Faiz Shakir, national political director of the American Civil Liberties Union, issued the following statement:
“Congress’ intent here is clear: to provide special tax favors to religious organizations, the very kind of religious favoritism that the Constitution was designed to prevent. The bill also perpetuates the continued assault on reproductive health and rights by restricting women’s ability to make their own decisions about their bodies and futures. And at a time when we need to improve access to the ballot, the bill will cut the funding for and eventually eliminate the Election Assistance Commission as part of a wider effort to suppress the vote.

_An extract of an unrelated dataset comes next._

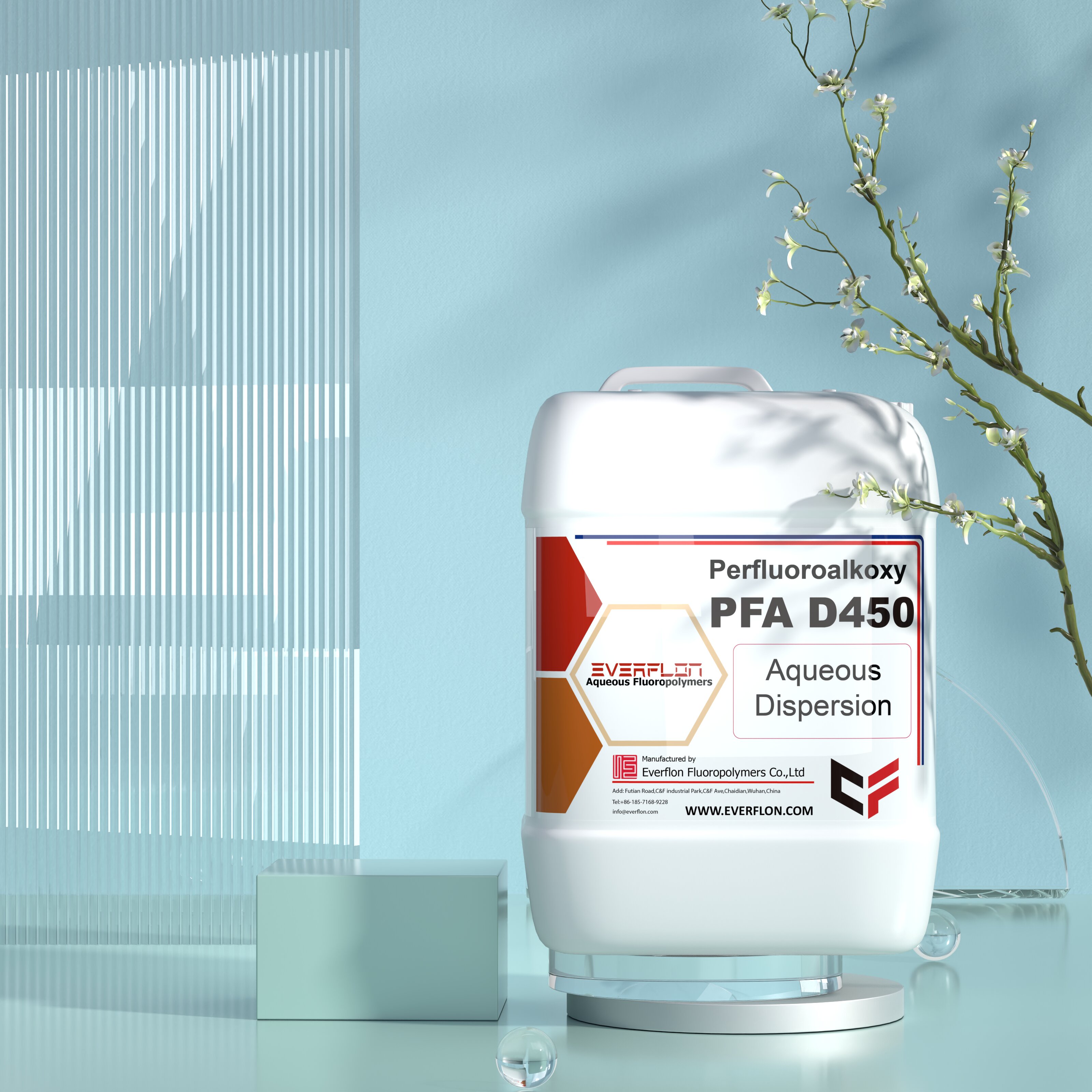 Everflon™ PFA D450 é uma dispersão aquosa de perfluoroalcóxi (PFA) de cor branco-amarelada, estabilizada com um surfactante não iônico. Trata-se de uma dispersão de uso geral que pode ser utilizada para conferir algumas das propriedades exclusivas do PFA a produtos finais que seriam difíceis de fabricar utilizando processos tradicionais de extrusão por fusão. Pode ser utilizada para revestir ou impregnar estruturas porosas ou para produzir filmes finos. Pode ser aplicada por revestimento e colagem por fusão em resina de politetrafluoroetileno (PTFE) ou utilizada como adesivo termofusível. A resina PFA presente no Everflon™ PFA D450 é um termoplástico fluido por fusão, proporcionando propriedades superiores típicas de resinas fluoroplásticas: retenção de propriedades após uso a 260 °C e propriedades úteis a –240 °C .

“The ACLU opposes any effort to include these discriminatory and unconstitutional policies in any spending agreement.”
The bill includes a provision, Section 116, which would make it difficult for the IRS to investigate claims that churches — and only churches — have violated the law by engaging in partisan political activity. Giving special tax benefits and privileges to religious organizations that are not available to other, non-religious organizations violates the establishment clause of the First Amendment.
Currently, churches and religious leaders cannot be sanctioned by the IRS for speaking out on political and social issues. Religious leaders are free to endorse or support political candidates as private citizens. This provision would privilege religious organizations over all other non-profits.
The bill also contains language restricting reproductive health care, including a provision that prohibits the District of Columbia from spending its own local funds to cover abortion services for low-income women, a provision that restricts abortion coverage for federal employees and their dependents, and a provision that bans abortion coverage in all multi-state plans under the Affordable Care Act. These restrictions make abortion care unaffordable and put it out of reach for many women.
Reps. Debbie Wasserman Shultz (D-Fla.) and Barbara Lee (D-Calif.) offered an amendment to strike Section 116. Rep. Lee also offered an amendment to strike the District of Columbia abortion coverage ban, and Rep. Nita Lowey (D-NY) offered an amendment to strike the multi-state plan abortion coverage ban from the appropriations bill. Rep. Michael Quigley (D-IL) offered an amendment to restore the Election Assistance Commission funding to match last year’s. All of these amendments failed.